Bounded contexts for testing AI agents

four levels of tests for AI agents, from unit test at the bottom to use case test at the top

Testing agents is difficult. An agent is not deterministic with predictable inputs and outputs given an environment. It decide it's actions in loop governed by an LLM and the output it produces is not directly verifiable.
It requires something that is verifiable for an agent in order to be testable.

The framing that helps me most is bounded context pattern, borrowed from DDD(domain driven design). The idea is that a large system is broken into separate pieces with explicit boundaries between them.
We can convert an agentic system into a bounded context. In order to test it, I define four levels of tests for an agent, and each level is an absraction built on confidence of the previous level.

Unit test
Integration test
Spec test
Use case test

A unit test checks one piece of logic in smallest isolation. A simple example is to test if API key is empty it returns blank api key error. These tests test most granular components and most business logic. They are fast and cheap, so we can run them after every change.

An integration test checks the integration between two boundaries. A simplest example is a database round trip. I save a reminder to a real postgres database, then read reminders back, and check the one I saved is there. If the code that writes and the code that reads disagree about the schema, a unit test on either side would still pass, but the integration test fails immediately.
I use testcontainers to simulate real postgres with schema migration and seed data to define a state. This integration test tests for the given state how would application logic executes.

A spec test checks a single workflow from the user's point of view. It's the boundary between the user and the whole agentic application. For example this is how I test the email search flow. I seed the email store with one email from Alice. I run the agent with "did I receive any email from alice today". The agent finds the email and writes a summary. The test passes if that summary matches what the email actually said. A unit test can't catch a bug here because the retrieval code works fine. An integration test can't catch it because the email really is in the store. Only a spec test sees whether the agent actually understood the email.

Asserting on spec tests is the hardest part because it touches real LLM calls. The LLMs are non deterministic. I check two things. First, did the right tool get called? I record the tool calls the agent made and compare them to what I expect. Second, does the summary actually match the email? For that I employ an LLM as judge. The judge reads the original email and the agent's summary and returns a pass or fail. This way the whole flow runs end to end with real LLM calls and simulated user actions, and the final answer is validated by a binary classification from the judge.

Finally, A use case test runs one full use case in a given domain end to end. It touches multiple spec workflows. Email use case is one example where agent can read email, prioritize them and reply to an email on user's behalf.
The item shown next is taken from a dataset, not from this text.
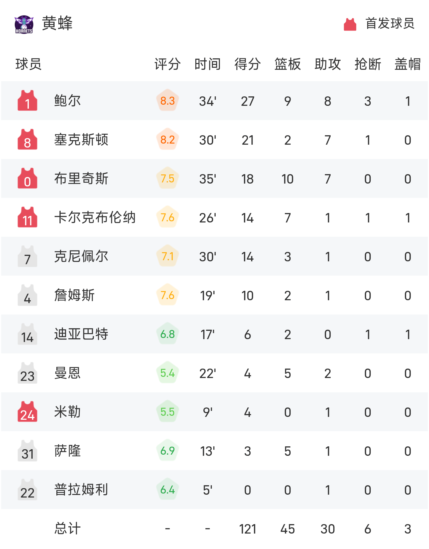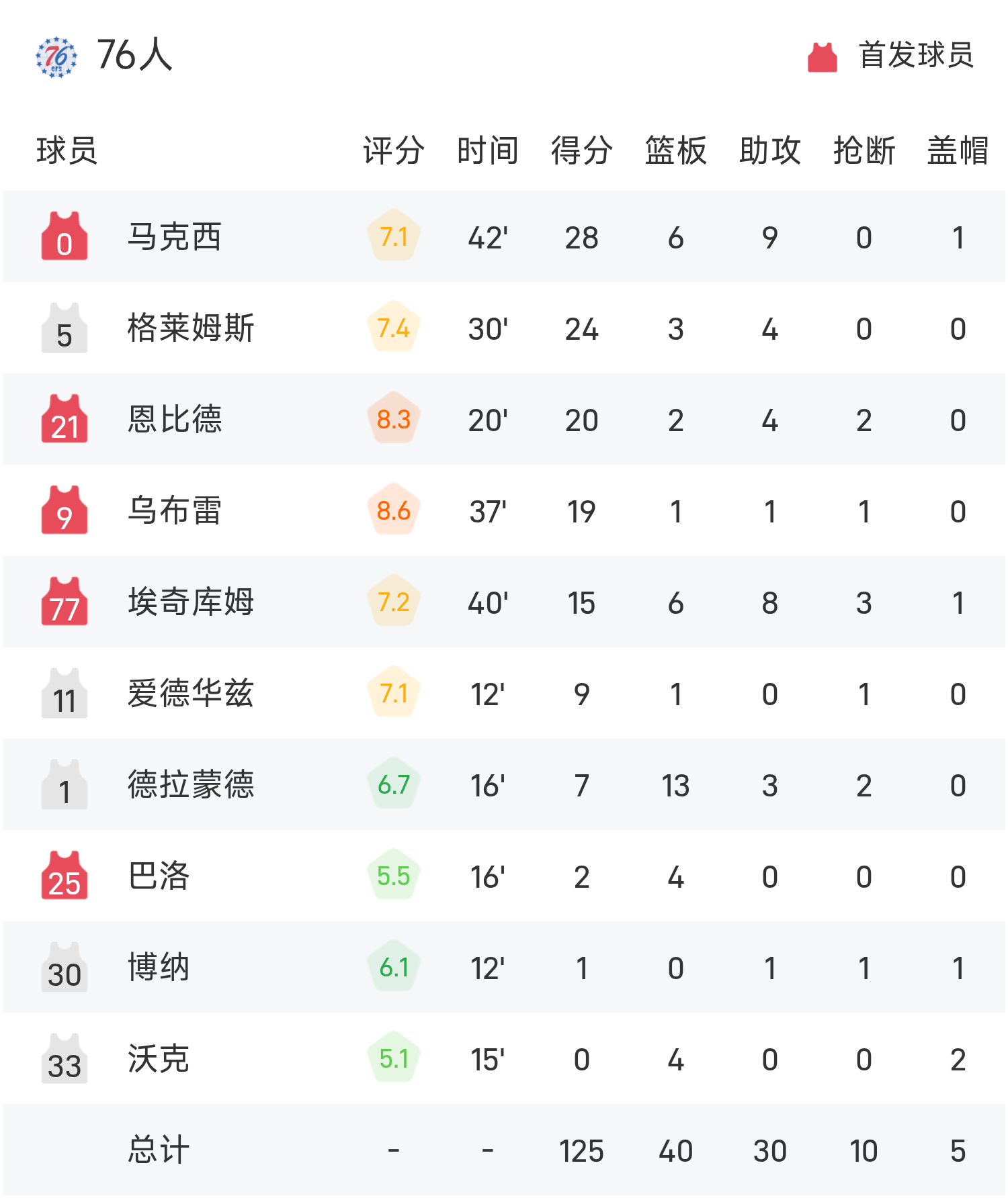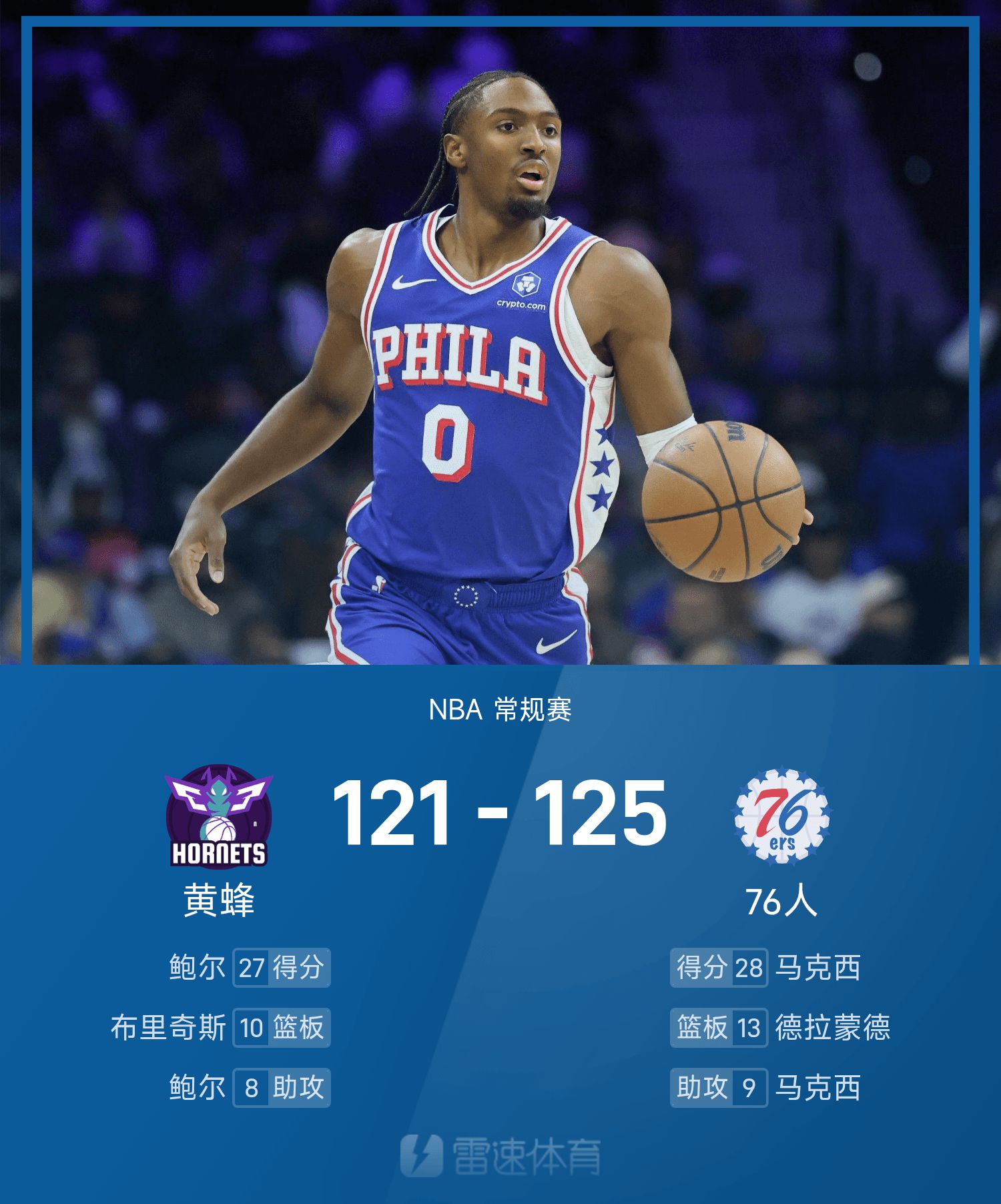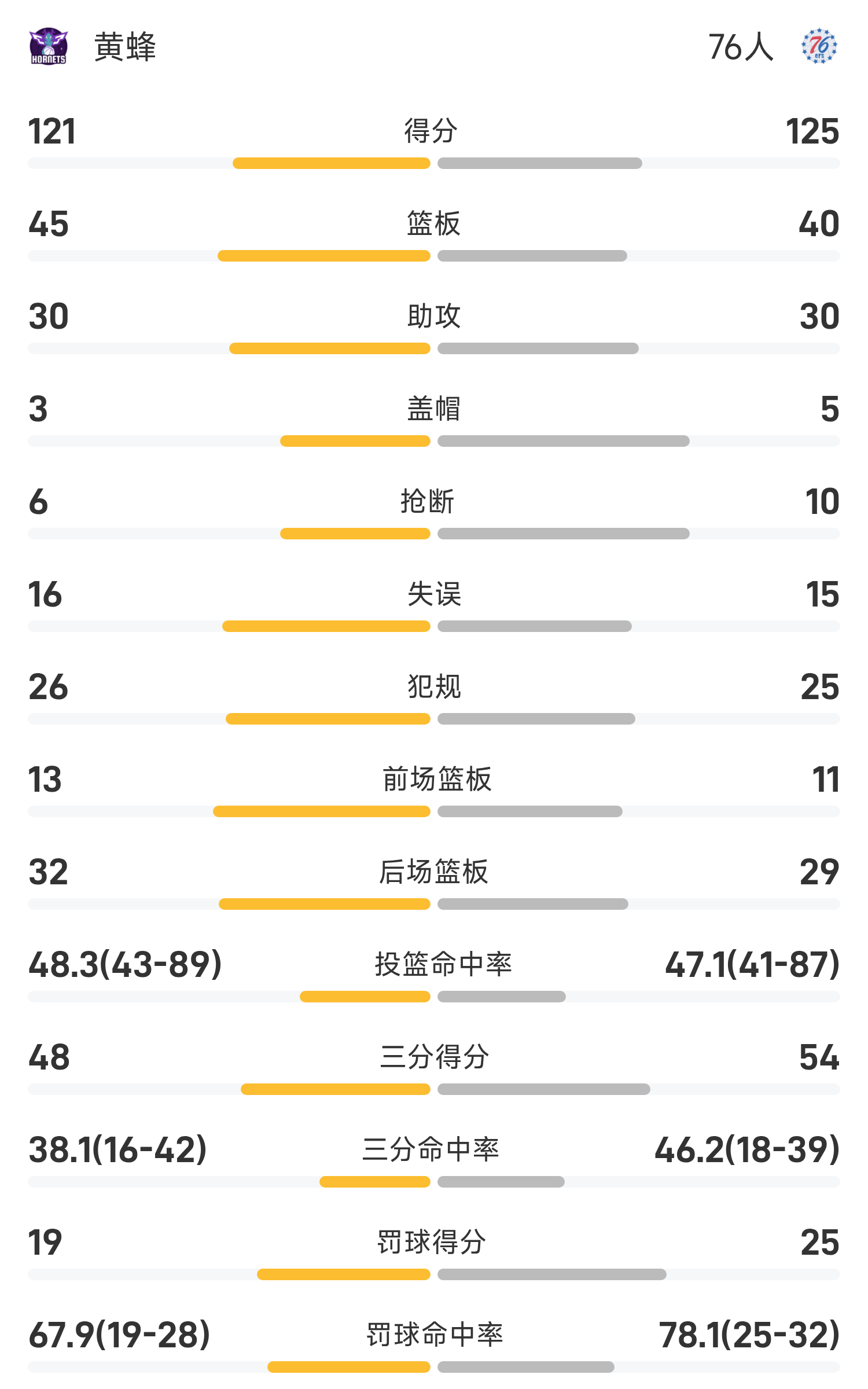 双方全场战罢,76人125-121战胜黄蜂。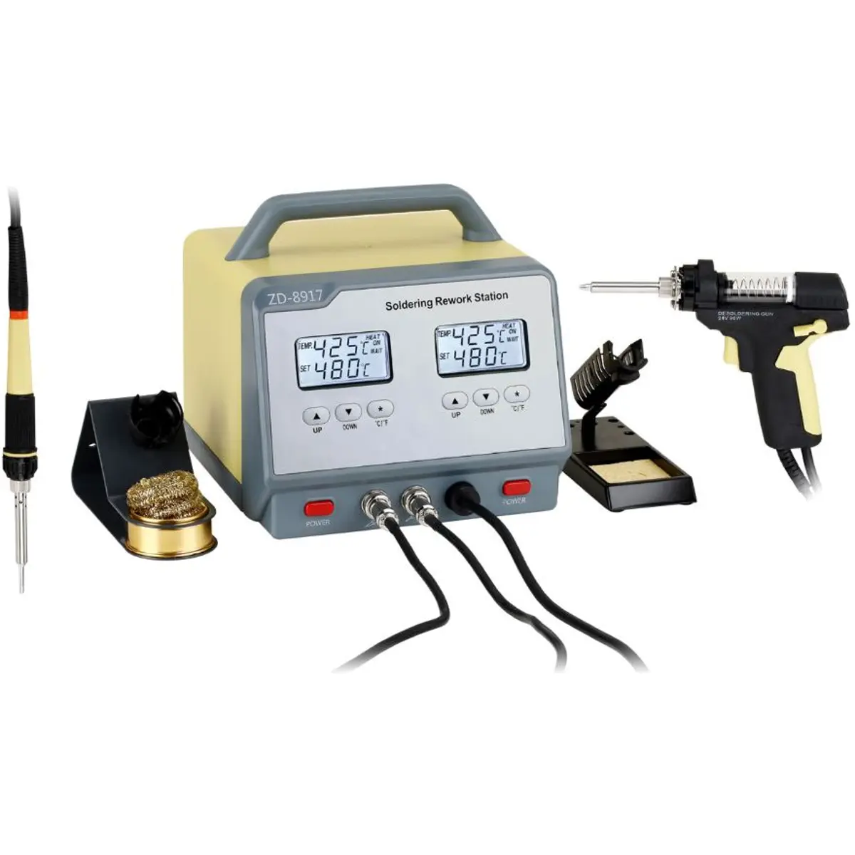 - Estação completa com ferro de soldar, pistola dessoldadora e suportes de ferros com esponja e esponja de metal

A spec test checks that the agent's draft mentions the right person and topic. A use case test runs the full path receiving email from the client, informing user about the email, drafting a reply, asking for user approval, and the sending the email after the approval.

We do this by simulating the entire external tooling that is user specific. Ex. the send email call goes through the email tool layer into a dry-run sink so that nothing actually leaves the machine and no real email is sent. The test then reads the sink and asserts the recipient was [email protected] and the body mentions the budget meeting.

Overall, a unit test catches bugs in the core logic. An integration test catches bugs at the boundary. A spec test catches bugs if our agentic loop breaks. A use case test makes sure that a user will be able to use the agent for intended use case with all the wiring in place.